President Donald Trump is planning on using his executive powers to cut food stamps for more than 700,000 Americans.
The United States Department of Agriculture is proposing that states should only be allowed to waive a current food stamps requirement — namely, that adults without dependents must work or participate in a job-training program for at least 20 hours each week if they wish to collect food stamps for more than three months in a three-year period — on the condition that those adults live in areas where unemployment is above 7 percent, according to The Washington Post. Currently the USDA regulations permit states to waive that requirement if an adult lives in an area where the unemployment rate is at least 20 percent greater than the national rate. In effect, this means that roughly 755,000 Americans would potentially lose their waivers that permit them to receive food stamps.

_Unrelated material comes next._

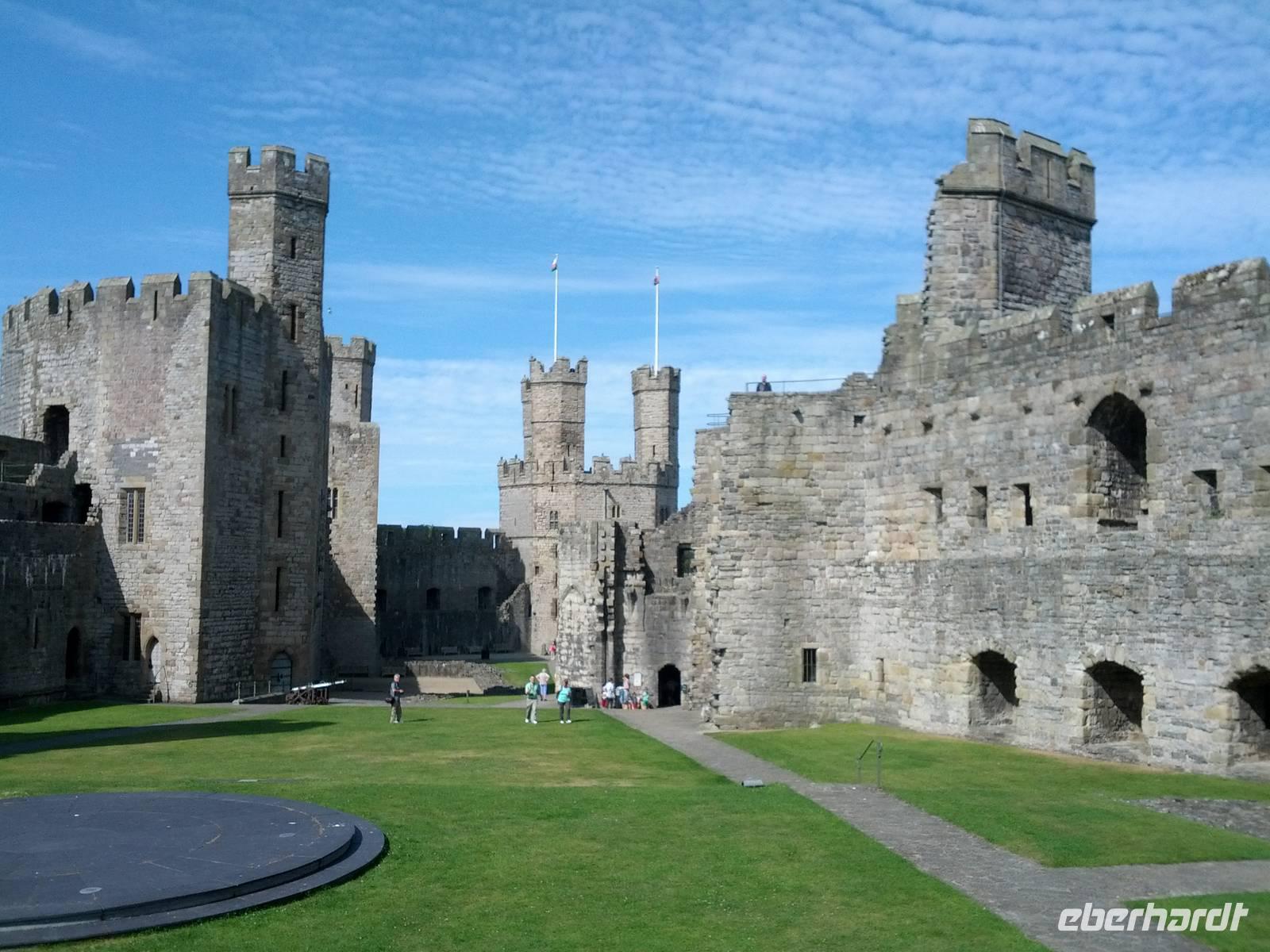 Von Mold, einem kleinen walisischen Ort aus, erkunden wir heute den kleinsten Landesteil Großbritanniens. Die teilweise als Küstenstrasse verlaufende Strasse nach Bangor gibt den Blick auf das Meer frei. Wir sehen mit der Clowyn Bay einen Abschnitt der sommers von zahlreichen Badeurlaubern aufgesucht wird. Die westlichere Conwy Bay begeistert durch den Kontrast der Meeresfläche und der unmittelbar aufragenden Bergen des Snowdonia Nationalparks. In Caernarfon „erobern" wir eine der mächtigsten Burgen der edwardianischen Zeit. Wir besteigen den Eagle Tower und lassen den Blick über die Menai Strait, eine Meeresenge, und den Hafen der Festungsstadt schweifen. Auch die Stelle an welcher Chales zum Prince of Wales gekrönt wurde sowie die dazugehörige Ausstellung interessiert uns.
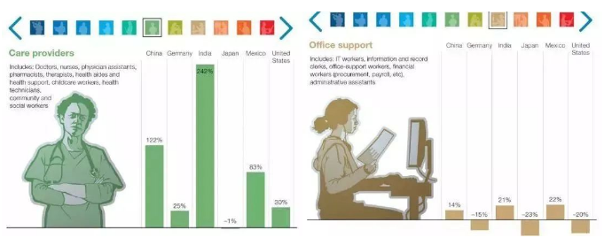 麦肯锡报告中分了11个行业大类,看不同国家未来在这些行业的岗位需求变化。其中涉及到创意工作、技术类工程师、管理类以及社会互动类的岗位需求增长明显,因为机器还无法在这些领域取代人类。另一方面,那些在可预测环境中进行物理活动的部分岗位需求将下降明显。

The current unemployment rate is 3.7 percent.
The Trump administration's decision to impose the stricter food stamp requirements through executive action constitutes an end-run around the legislative process. Although Trump is expected to sign an $870 billion farm bill later this week — and because food stamps goes through the Agriculture Department, it contains food stamp provisions — the measure does not include House stipulations restricting the waiver program and imposing new requirements on parents with children between the ages of six and 12. The Senate version ultimately removed those provisions, meaning that the version being signed into law does not impose a conservative policy on food stamps, which right-wing members of Congress were hoping for.
"Congress writes laws, and the administration is required to write rules based on the law," Sen. Debbie Stabenow, D-Mich., told The New York Times (Stabenow is the top Democrat on the Senate's agriculture committee). "Administrative changes should not be driven by ideology. I do not support unilateral and unjustified changes that would take food away from families."
By contrast, Secretary of Agriculture Sonny Perdue defended the new policy by pointing to the lower unemployment rate, saying that it "is unacceptable to most Americans and belies common sense, particularly when employment opportunities are as plentiful as they currently are." Perdue also claimed that the new policy
"restores the dignity of work to a sizable segment of our population."
The issue of food stamps has long been hotly politicized. During President Barack Obama's administration, conservative critics like former House Speaker Newt Gingrich referred to him as America's "finest food stamp president," according to The Washington Post. This was done as a result of record-breaking numbers of Americans using food stamps and Obama pushing to expand food stamp access while not acknowledging that these moves were necessitated by the onset of the Great Recession in 2008, which preceded Obama's tenure.